|Hong Kong at night.|
See more on the 2012 Research Seed Funding
A research team from the Polytechnic Institute of New York University has won the CTBUH’s first research seed funding grant for a proposal to study the impact of tall building developments on physical activity in China.
The team, led by Dr. Kristen Day, Professor and Head of Department, Polytechnic Institute of New York University, will receive $20,000 to conduct research project and to pursue additional funding in conjunction with the CTBUH.
“This research project is very timely and very critical to the rapid growth in China, which has the largest number of tall buildings in the world,” said Dr. Payam Bahrami, CTBUH Research Associate. “Very little is known about how the design of tall buildings or tall building districts impact physical activity levels in China.”
More than 50 organizations from around the world applied for the seed funding, which was sponsored by AECOM. The winner was chosen by the CTBUH’s Research Seed Funding Review Committee. Each submission received at least three peer review evaluations; the top 10 were each reviewed by five academic and professional experts.
|2012 Funding Sponsor|
The winning entry “has a well developed methodology and clearly identifies potential future outcomes,” Dr. Bahrami said.
The goal of the research team, which includes Dr. Mariela Alfonzo from Polytechnic Institute of New York University and Dr.

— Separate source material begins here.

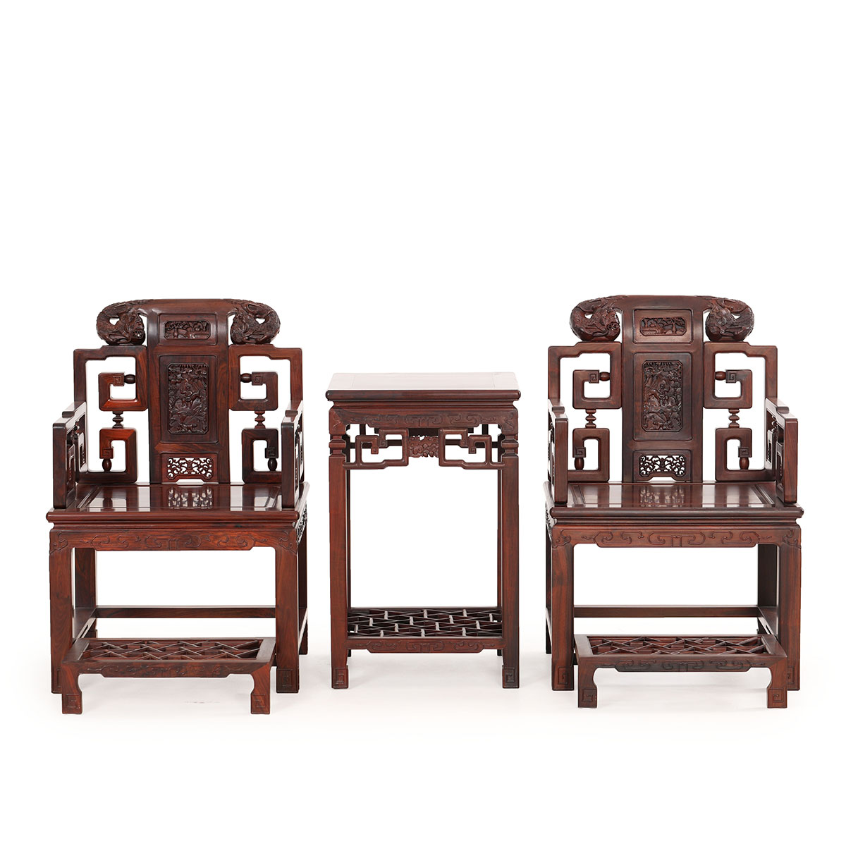 太师椅是中国家具中唯一用官职来命名的椅子,原为官家之椅,是权力和地位的象征。它最早使用于宋代,最初的形式是一种类似于交椅的椅具。太师椅最能体现清代家具的造型特点,它体态宽大,靠背与扶手连成一片,形成一个三扇、五扇或者是多扇的围屏。

Zhan Guo from Wagner Graduate School of Public Service of New York University, is to “provide guidance for the design of tall buildings and districts that can positively improve health in China’s rapidly growing cities,” according to the proposal’s abstract.
China is facing rising rates of chronic diseases and obesity in cities, which is linked to insufficient physical activity.
“In China, which has the largest number of tall buildings in the world, preliminary research suggests that density is inversely correlated to physical activity,” the researchers state. “This study will address the gap between the design of tall buildings and tall buildings districts related to the physical activity levels performed by residents in China.”